CNN_randRNN ├── data │ ├── wrgbd │ │ │──eval-set │ │ │ ├──apple │ │ │ ├──ball │ │ │ ├──... │ │ │ ├──water_bottle │ │ │──split.mat │ ├── sunrgbd │ │ │──SUNRGBD │ │ │ ├──kv1 │ │ │ ├──kv2 │ │ │ ├──realsense │ │ │ ├──xtion │ │ │──allsplit.mat │ │ │──SUNRGBDMeta.mat │ │ │──organized-set │ │ │ ├──Depth_Colorized_HDF5 │ │ │ │ ├──test │ │ │ │ ├──train │ │ │ ├──RGB_JPG │ │ │ │ ├──test │ │ │ │ ├──train │ │ │──models-features │ │ │ ├──fine_tuning │ │ │ │ ├──resnet101_Depth_Colorized_HDF5_best_checkpoint.pth │ │ │ │ ├──resnet101_RGB_JPG_best_checkpoint.pth │ │ │ ├──overall_pipeline_run │ │ │ │ ├──svm_estimators │ │ │ │ │ ├──resnet101_Depth_Colorized_HDF5_l5.sav │ │ │ │ │ ├──resnet101_Depth_Colorized_HDF5_l6.sav │ │ │ │ │ ├──resnet101_Depth_Colorized_HDF5_l7.sav │ │ │ │ │ ├──resnet101_RGB_JPG_l5.sav │ │ │ │ │ ├──resnet101_RGB_JPG_l6.sav │ │ │ │ │ ├──resnet101_RGB_JPG_l7.sav │ │ │ │ ├──demo_images │ │ │ ├──random_weights │ │ │ │ ├──resnet101_reduction_random_weights.pkl │ │ │ │ ├──resnet101_rnn_random_weights.pkl ├── src ├── logs
Washington RGB-D Object dataset is available here. We have tested our framework using cropped evaluation set without extra background subtraction. Uncompress the data and place in data/wrgbd
(see the file structure above).
To convert depth maps to colorized RGB-like depth representations:
sh run_steps.sh step="COLORIZED_DEPTH_SAVE"
python main_steps.py --dataset-path "../data/wrgbd/" --data-type "depthcrop" --debug-mode 0
Note that you might need to export /src/utils
to the PYTHONPATH (e.g. export PYTHONPATH=$PYTHONPATH:/home/user/path_to_project/CNN_randRNN/src/utils
). debug-mode
with 1 runs the framework for a small proportion of data (you can choose the size with debug-size
parameter, which sets the number of samples for each instance.) This will create colorized depth images under the /data/wrgbd/models-features/colorized_depth_images
.
Before demonstrating how to run the program, see the explanations for command line parameters with their default values here.

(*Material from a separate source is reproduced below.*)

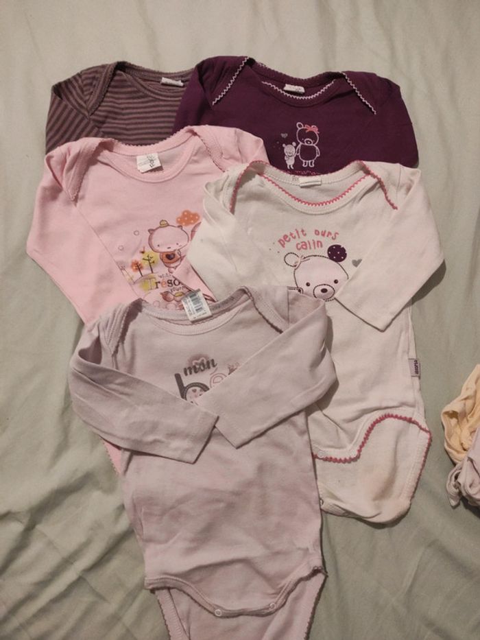 #tingvie12m Lot de 5 bodies manches longues Absorba. Le blanc et le violet ont des tâches voir photos, les autres sont en excellent état.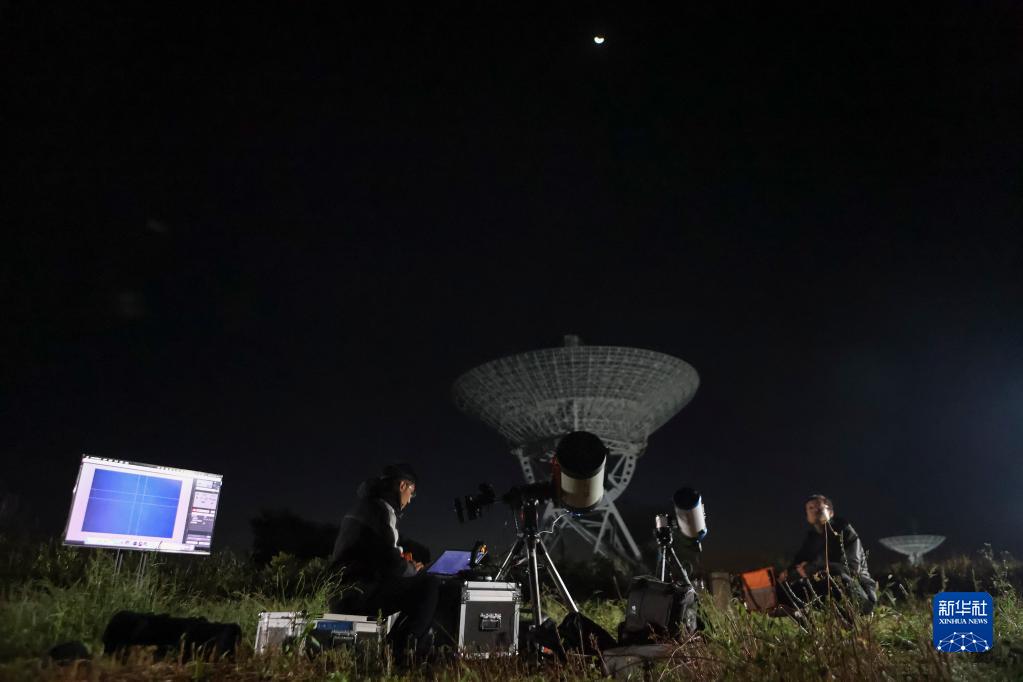 9月21日凌晨,在北京密云,劉博洋(左)調試好拍攝設備,等待中國空間站過(guò)境。

To run the overall pipeline with the default parameter values:
python main.py
This will train/test SVM for every 7 layers. You may want to make levels other than that of optimum ones to the comment lines. It is also possible to run the system step by step. See the details here.
This codebase is presented based on Washington RGB-D object recognition. It can also be applied to SUN RGB-D Scene dataset. Please see the details here to use SUN RGB-D Scene dataset. This can also be considered as a reference guide for the use of other datasets.
A demo application using RGB images is presented. Download trained models and RNN random weights here. Uncompress the folder and place as the file structure given above.
There are two run modes. Run the demo application with the default parameters for each mode as below:
python demo.py --mode "image" |
python demo.py --mode "camera" |
image
mode takes the images in the demo_images
folder, while the camera
modes takes camera images as inputs.
If you find this work useful in your research, please consider citing:
@article{Caglayan2022CNNrandRNN,
title={When CNNs meet random RNNs: Towards multi-level analysis for RGB-D object and scene recognition},
journal = {Computer Vision and Image Understanding},
author={Ali Caglayan and Nevrez Imamoglu and Ahmet Burak Can and Ryosuke Nakamura},
volume = {217},
pages = {103373},
issn = {1077-3142},
doi = {https://doi.org/10.1016/j.cviu.2022.103373},
year={2022}
}
This project is released under the MIT License (see the LICENSE file for details).
This paper is based on the results obtained from a project commissioned by the New Energy and Industrial Technology Development Organization (NEDO).